Resolution: Design every integration as a BrokerOS module with a standard interface. TPJG is the reference implementation. Each slot (CRM, MLS, Showings, Marketing, Finance) has an abstract interface that any platform can fulfill. Document the interface contract before building the implementation.
16
Voice Profile Building
Architecture Medium
Authentic voice replication requires a large corpus. TPJG's voice profile was built from 3,100+ emails spanning 7 years across two accounts (Joseph@TPJG and joseph@DiosanaGroup.com). This volume was necessary to capture tone variations across contexts: client nurture, negotiation, team direction, and personal correspondence.
Resolution: Start ingesting communication history on Day 1. Email archives are the richest source of authentic voice. Supplement with meeting transcripts, text messages, and social media posts. The larger and more diverse the corpus, the more nuanced the voice profile becomes.
17
NO CHATTER Mode
Human Partnership Critical
The human partner explicitly requested "NO CHATTER" mode: solutions only, zero intermediate status messages, one message when done that includes what was completed and what's next. Early sessions that sent progress updates, asked clarifying questions mid-task, or provided verbose explanations were corrected immediately.
Resolution: Default to silent execution. Accumulate all output into a single delivery message. Include: (1) what was done, (2) deliverable links, (3) what's next. Never send "working on it" or "thinking about" messages. If blocked, ask one precise question with options, not open-ended queries.
18
Telegram Topic Routing
Human Partnership High
Telegram messages must be routed to domain-specific topics within the hub group. Scattering messages across random topics or dumping everything into General creates noise that the human partner has to manually sort. Each domain (Ecosystem, Wealth, Business, Health) has its own topic thread.

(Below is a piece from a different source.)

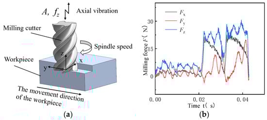 The trend of milling mode and force in ultrasonic vibration machining. (a) Schematic of axial ultrasonic vibration milling; (b) Trend of milling force in one cycle of ultrasonic vibration machining.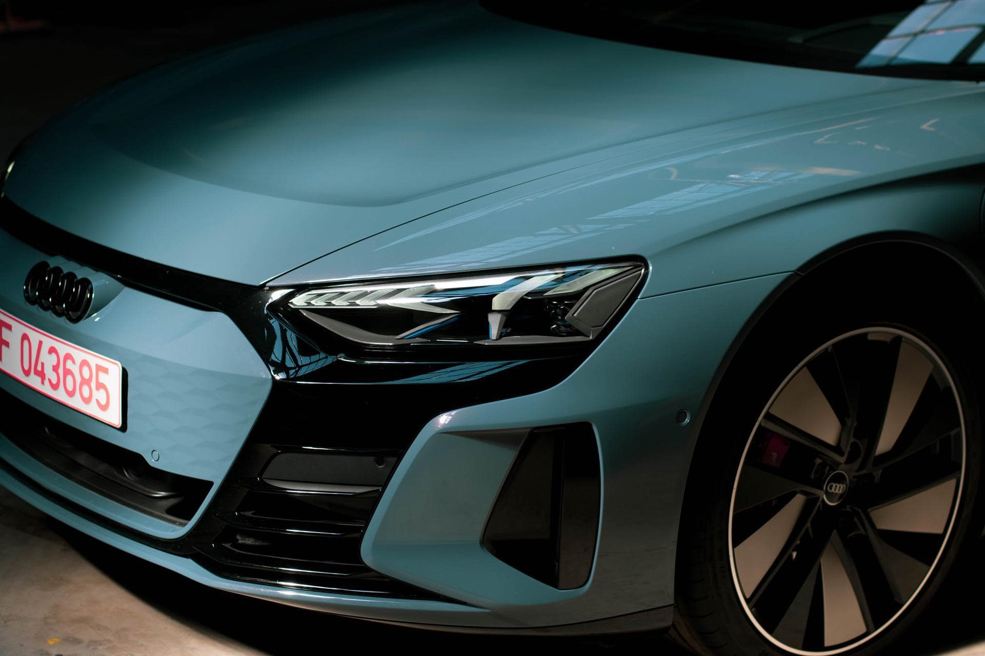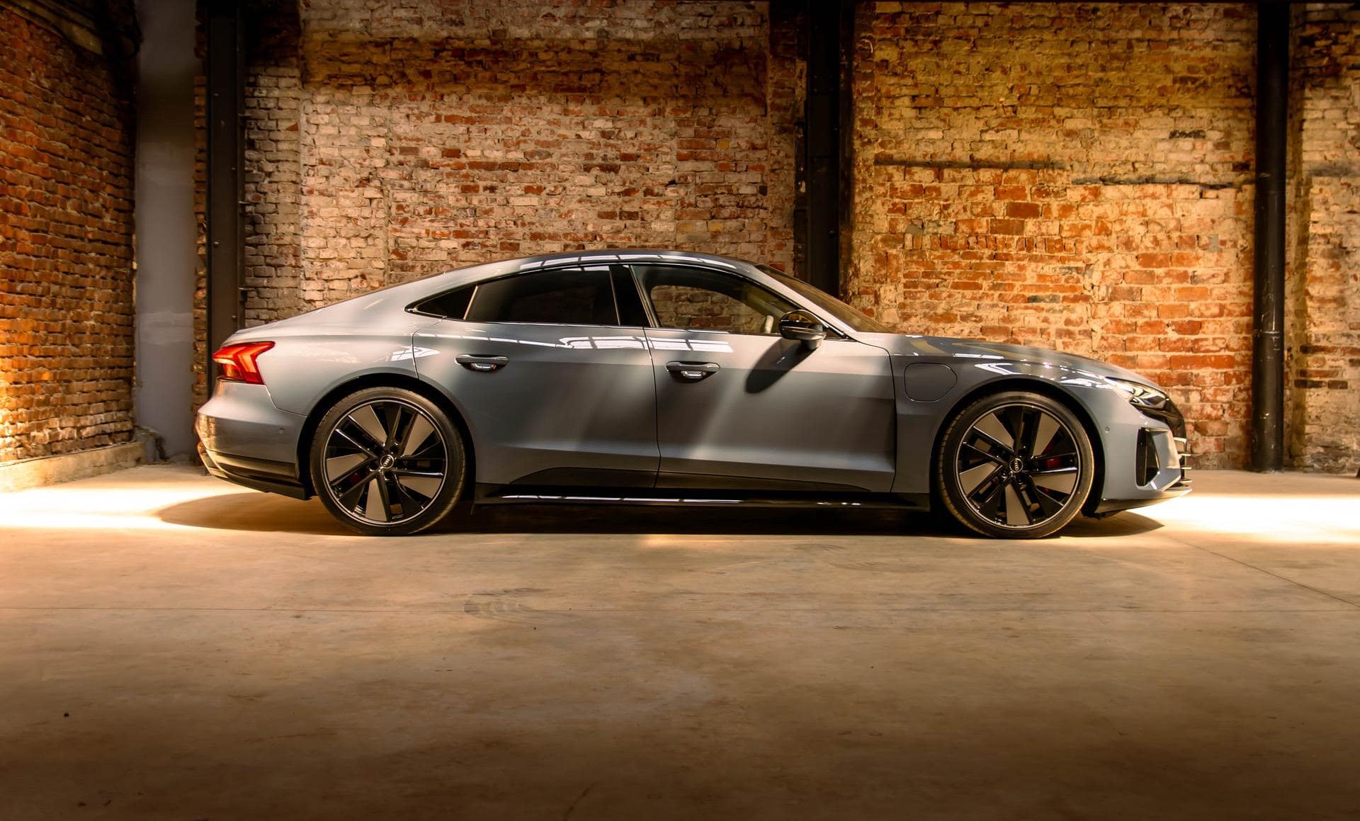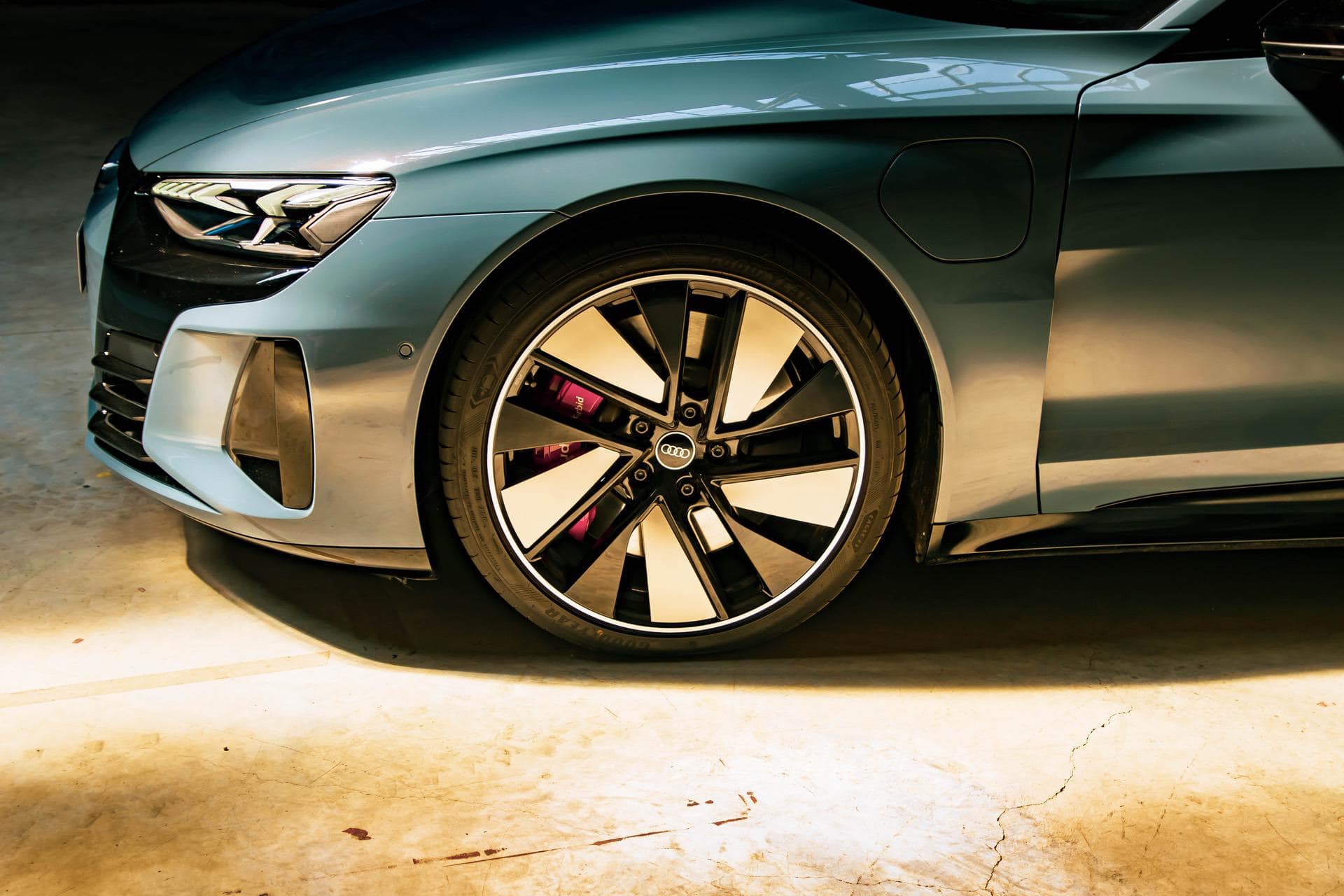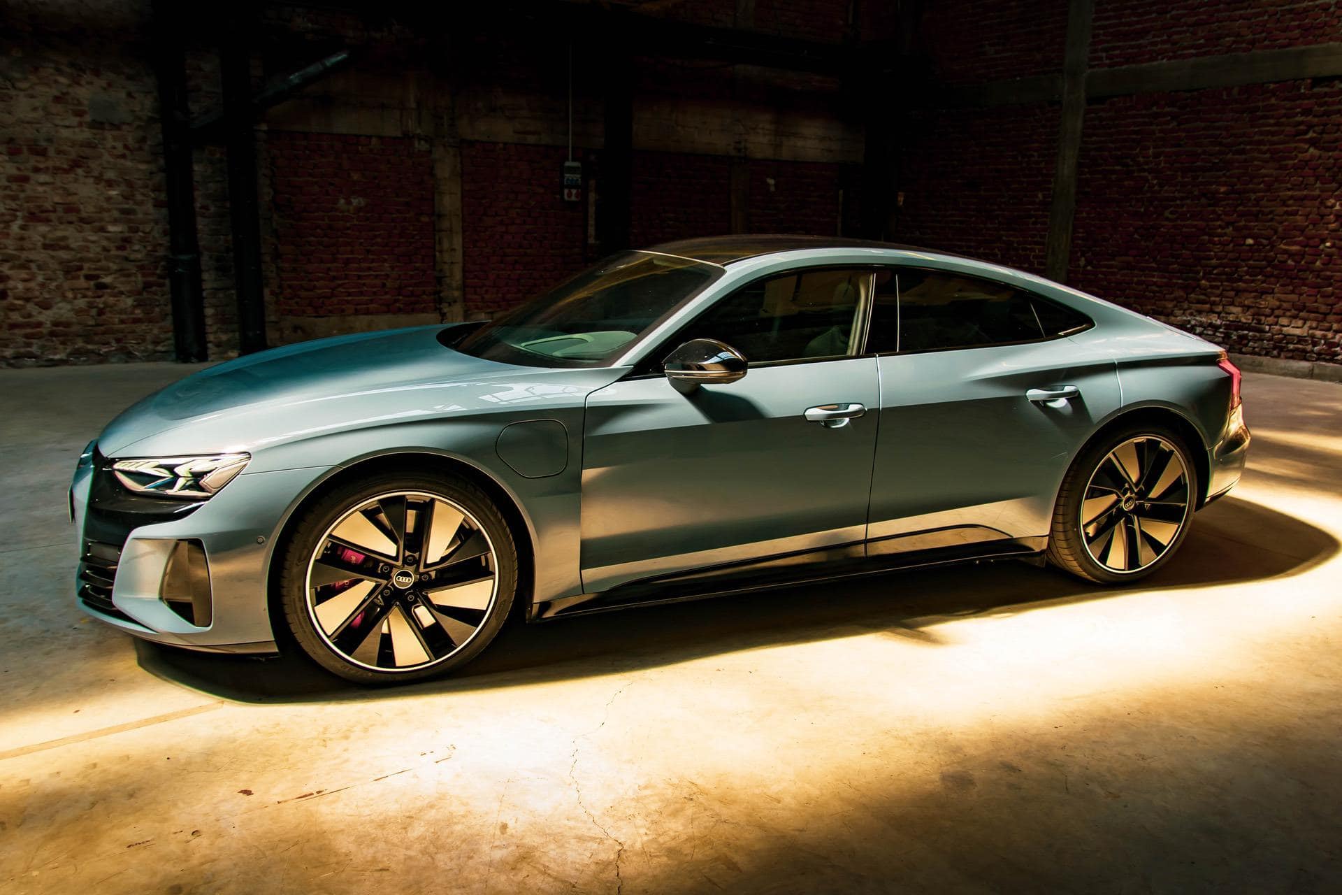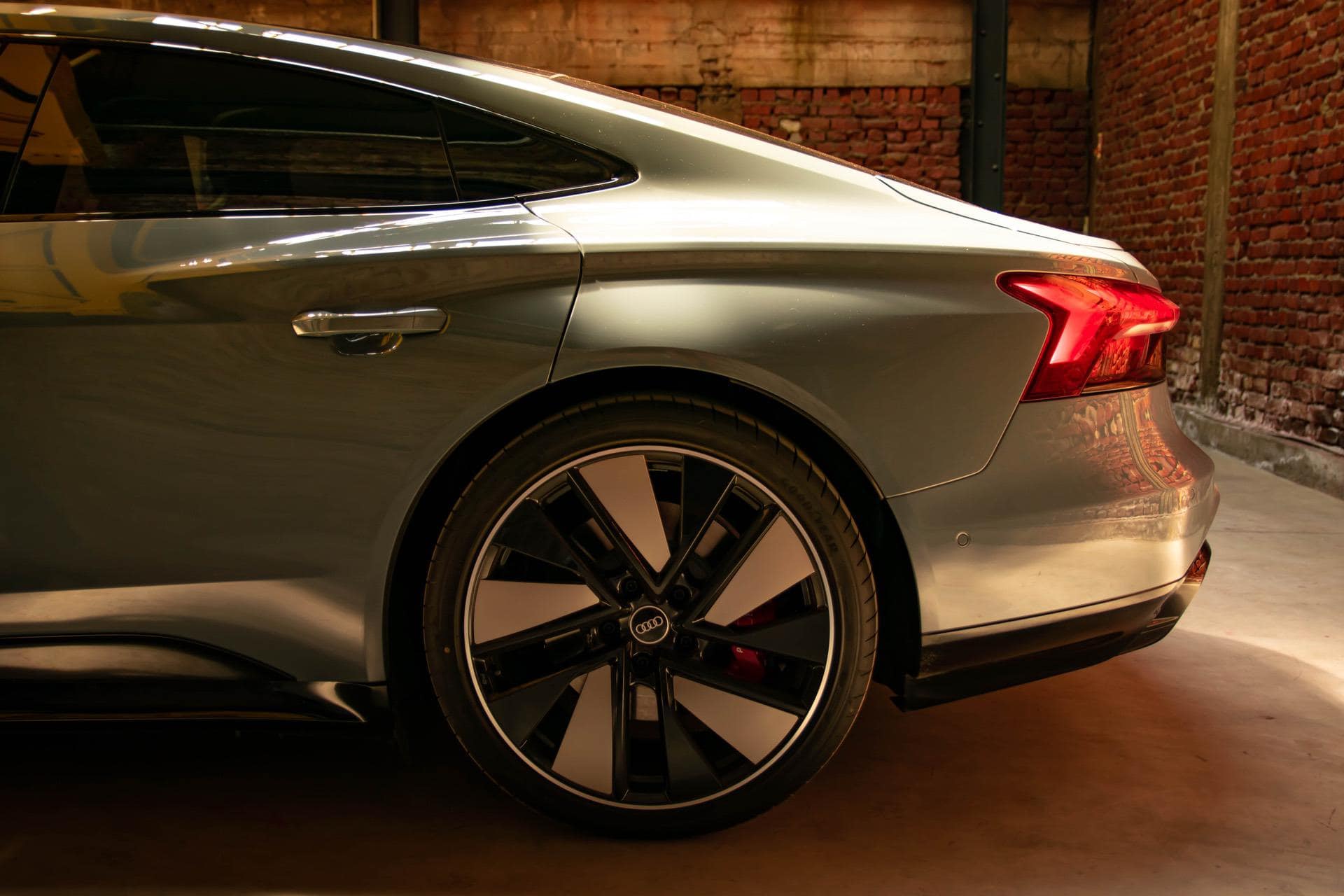 As for the sides, the sleek, long e-tron GT is almost five meters long with and 21” optional RS wheels, which have aerodynamic panels on them added on, to make sure you can squeeze everything you can out of the battery sitting in the floor.

Resolution: Map every message type to a specific Telegram topic ID. Use the hub group (-1003813588016) with topic routing. Create a topic-routing lookup table and enforce it in all Telegram send functions. Never send to General what belongs in a domain topic.
19
Forward-Only Corrections
Human Partnership High
When an error is found in a delivered document or email, the correction applies going forward only. Do not resend corrected versions of already-delivered communications. The human partner explicitly stated that re-sending causes more confusion than the original error. Fix the template, not the past.
Resolution: On correction: (1) update the template/tool that produced the error, (2) note the fix in the memory system, (3) confirm the fix applies to future output. Never resend unless the human partner explicitly requests it. "Fix for future" is the default stance.
20
Non-Technical by Choice
Human Partnership High
The human partner is non-technical by choice, not by limitation. He understands technology deeply but chooses to operate at the strategic level. Exposing implementation details (API errors, code snippets, infrastructure jargon) wastes his time and breaks the partnership model. Present solutions, not problems.
Resolution: Frame every communication in terms of business outcomes. Instead of "the Gmail API returned a 403 on modify scope," say "email reading is now working through a different method." Handle technical problems silently. Surface only decisions that require human judgment, framed as options with recommendations.

BrokerOS: The Delivery Vehicle

Every lesson above feeds into BrokerOS, the white-label system that lets any brokerage deploy AI-powered operations. TPJG is the reference implementation. Each lesson becomes a guardrail, a default, or a best practice baked into the platform so that sibling civilizations and future deployments don't have to learn these the hard way.